Corriere della Sera, 8 luglio 2019
Le note dell’ambasciatore inglese su Trump
WASHINGTON I giudizi su Donald Trump dell’ambasciatore britannico a Washington, Kim Darroch, non sono esattamente in linea con la storia della «relazione speciale» tra Stati Uniti e Regno Unito. «Il presidente americano è un inetto, un insicuro, un incompetente, un vanitoso e un bugiardo». Il diplomatico è arrivato nella capitale statunitense nel 2016, in piena campagna elettorale. Ha seguito, quindi, con preoccupazione e poi con raccapriccio la conquista della Casa Bianca da parte di Trump. E ne ha riferito, come sono tenuti a fare tutti gli ambasciatori, con una serie di note inviate ai vertici del suo governo, alla premier Theresa May e ai ministri degli Esteri Boris Johnson e poi Jeremy Hunt.
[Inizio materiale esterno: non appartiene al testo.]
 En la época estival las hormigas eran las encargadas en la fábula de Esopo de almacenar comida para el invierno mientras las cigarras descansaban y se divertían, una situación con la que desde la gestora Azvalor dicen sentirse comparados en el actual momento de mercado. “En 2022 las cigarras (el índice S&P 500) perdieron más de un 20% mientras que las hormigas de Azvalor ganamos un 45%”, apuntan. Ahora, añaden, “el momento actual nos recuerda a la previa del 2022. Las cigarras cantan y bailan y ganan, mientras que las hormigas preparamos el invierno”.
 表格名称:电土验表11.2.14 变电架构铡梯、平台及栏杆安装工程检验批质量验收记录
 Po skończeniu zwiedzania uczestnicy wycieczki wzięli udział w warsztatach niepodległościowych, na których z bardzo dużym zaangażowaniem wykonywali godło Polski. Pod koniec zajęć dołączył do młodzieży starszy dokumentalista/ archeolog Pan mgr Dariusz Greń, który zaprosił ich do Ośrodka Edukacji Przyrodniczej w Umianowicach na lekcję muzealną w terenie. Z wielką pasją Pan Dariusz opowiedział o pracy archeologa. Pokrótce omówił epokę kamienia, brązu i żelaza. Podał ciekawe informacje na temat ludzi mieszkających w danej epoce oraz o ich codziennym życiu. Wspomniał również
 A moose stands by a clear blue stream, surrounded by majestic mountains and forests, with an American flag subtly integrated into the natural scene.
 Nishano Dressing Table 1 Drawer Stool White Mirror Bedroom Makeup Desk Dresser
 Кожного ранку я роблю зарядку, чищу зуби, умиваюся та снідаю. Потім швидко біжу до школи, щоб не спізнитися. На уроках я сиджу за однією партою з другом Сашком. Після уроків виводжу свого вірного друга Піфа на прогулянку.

La corrispondenza riservata è finita nelle mani del quotidiano Daily Mail che l’ha pubblicata ieri con conseguenze politiche potenzialmente devastanti. Nei cable c’è dentro di tutto: descrizioni della personalità del presidente, riflessioni sulla politica estera degli Stati Uniti. Secondo il tabloid britannico uno dei messaggi più dirompenti è quello spedito il 22 giugno 2017, cinque mesi dopo il giuramento di Trump sui gradini di Capitol Hill. Darroch, 65 anni, riferisce che «le lotte intestine e la confusione dentro la Casa Bianca» non sono affatto «fake news» come dice il presidente. «È tutto sostanzialmente vero: le fazioni interne qui sono pronte a tutto, è una lotta con il coltello tra i denti».
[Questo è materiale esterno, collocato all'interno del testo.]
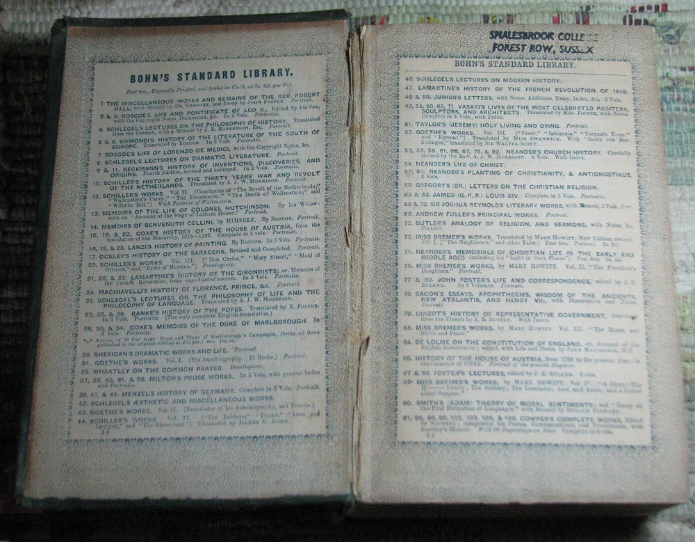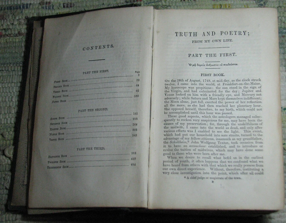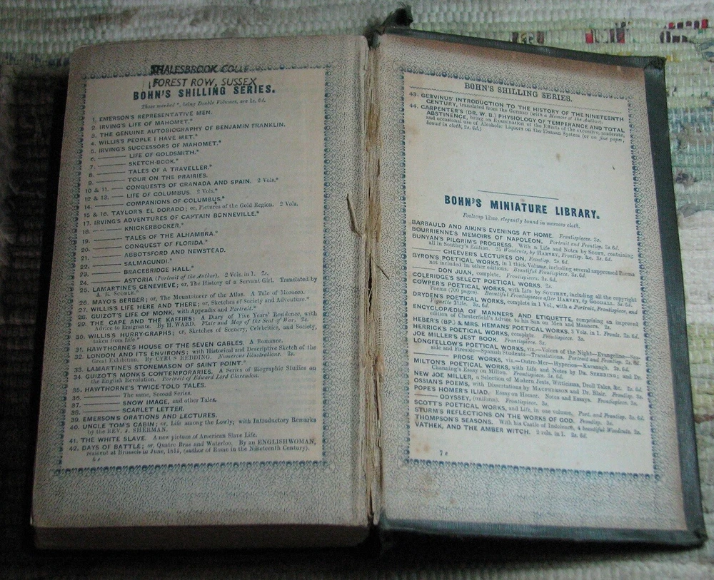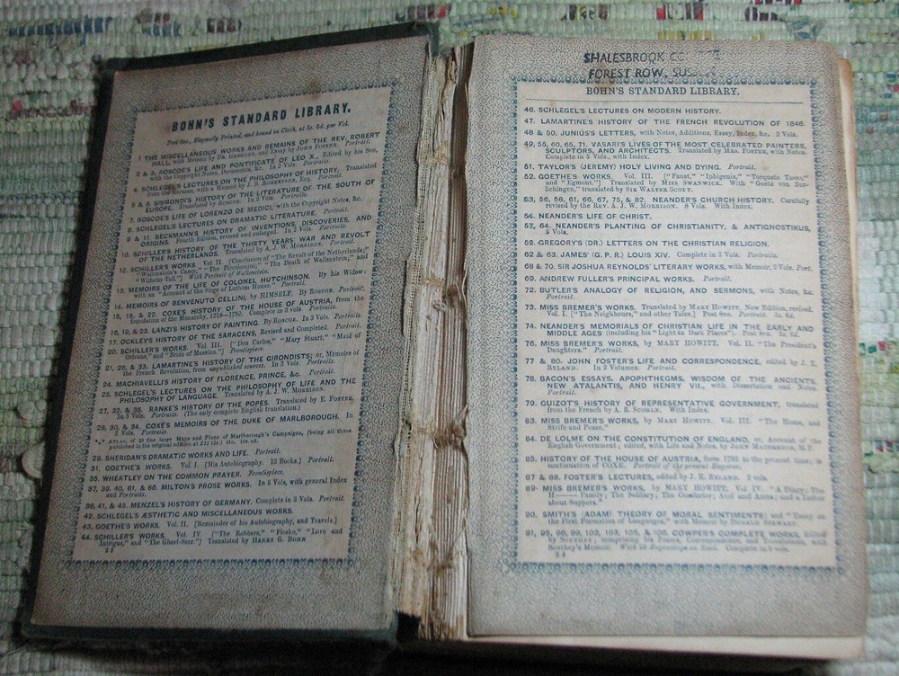 GOETHE'S AUTOBIOGRAPHY AND TRAVELS Volume 1 (1848) & 2 (1849) BOHN'S STANDARD LIBRARY Hardcovers, bound in original dark green cloth with decorative blind tooled boards and gilt title to spine, are in acceptable poor condition, worn weak covers, soiling, rubbings, cuts, chips, dents, bents, partial detachments, previous owners name & stamps, clean text, please see photos by Johann Wolfgang von Goethe Volume I THE AUTO-BIOGRAPHY OF GOETHE. Truth And Poetry: From My Own Life. Thirteen Books. Translated From The German by John Oxenford, ESQ. Volume II THE AUTO-BIOGRAPHY OF GOETHE. Truth And Poetry: From MY Own Life. The Concluding Books. Also LETTERS FROM SWITZERLAND And TRAVELS IN ITALY Translated by The Rev. A. J. W. Morrison, M. A. BOHN'S STANDARD LIBRARY HENRY G. BOHN, London, Great Britain, Volume I: 1848, viii+520 pages, Volume II 1849, 544 pages

Erano le settimane in cui cresceva il Russiagate, l’ipotesi di collusione tra il comitato elettorale di Trump e il Cremlino con l’obiettivo di danneggiare la candidatura di Hillary Clinton. Nel marzo del 2019 il Rapporto Mueller ha escluso, per mancanza di prove, la cospirazione tra russi e americani. Ma in quei giorni del 2017 Darroch osservava che «nel rapporto tra Trump e la Russia non si può escludere il peggio». La «carriera» del leader americano «può andare in fumo», anche «se pare emergere dalle fiamme sempre intatto; sembra indistruttibile come Terminator».
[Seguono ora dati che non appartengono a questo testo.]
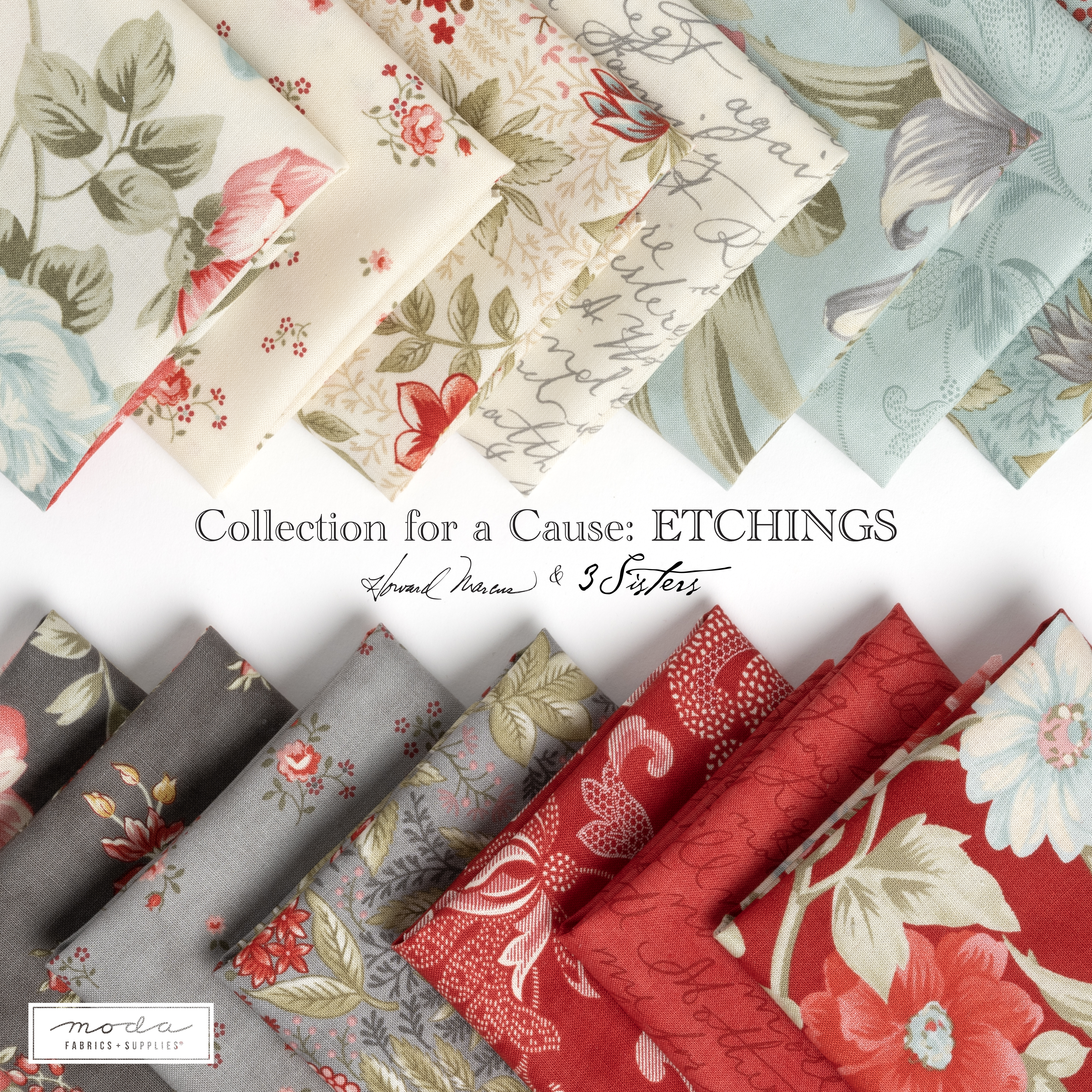Each of the Collections for a Cause fabric lines tells a story and this one is special. Howard Marcus and 3 Sisters are honored to combined talents to create Collections for a Cause, Etchings. In homage to the original Etchings collection by 3 sisters, they have worked together to curate this line of opulent florals and jacobean designs from our antique mill books and textile archives. Rich, warm shades of crimson, aqua, and stone are set against parchment background fabrics to create a fresh and inviting collection with timeless appeal.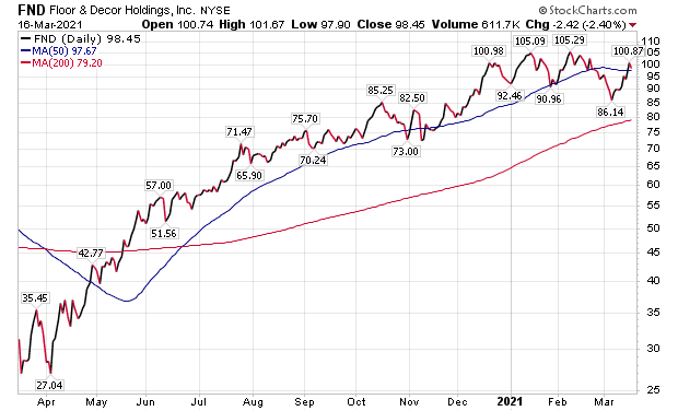 The company’s CFO Trevor Lang appeared at the conference on March 10 to share his vision. One observation in markets such as Florida and Texas, which are reopening and among the company’s largest, is that demand has not weakened. Since FND closed its stores for several weeks during 2020 in many markets, its year-over-year comparisons will be easier than for the home centers such as Lowe’s and Home Depot in the quarters ahead this year.

Inutile illudersi, sperare che le spinte di Trump siano contenute dallo staff o dagli altri ministri: «Non credo che questa Amministrazione diventerà più normale, o meno anomala, meno imprevedibile, meno lacerata, meno inetta, meno inadeguata sul piano diplomatico». Un esempio? L’Iran. Ancora nel giugno 2017 l’Ambasciatore di Sua Maestà osserva: «È molto improbabile che la politica americana nei confronti dell’Iran possa diventare coerente nel breve termine».
Le opinioni di Darroch non cambiano con il passare degli anni. Eccoci alle ultime puntate. Di nuovo sull’Iran, subito dopo l’attacco annullato contro le postazioni di Teheran nello Stretto di Hormuz, il 21 giugno 2019. Trump spiegò che aveva ordinato lo stop della rappresaglia, quando aveva saputo che ci sarebbero state almeno 150 vittime. «È una giustificazione che non sta piedi – sostiene il rappresentante del Regno Unito – è più probabile, invece, che Trump non sia mai stato coinvolto direttamente. Lui temeva solo le conseguenze di un attacco sulla campagna per il 2020, perché sarebbe stato un ribaltamento rispetto alle sue promesse del 2016 («basta guerre», ndr)».
Infine i consigli su come «maneggiare» la visita di Trump a Londra il 3 e 4 giugno: «Illustrategli le cose in maniera chiara ed essenziale; appena lo incontrate iniziate a lodarlo per qualcosa che ha fatto di recente». E la notazione, dai toni sconsolati: «Può vincere le elezioni del 2020, anche se la sua folla è composta solo da bianchi». La replica di Trump è arrivata solo a tarda serata, lapidaria per ora: «L’ambasciatore non ha servito bene il suo Paese».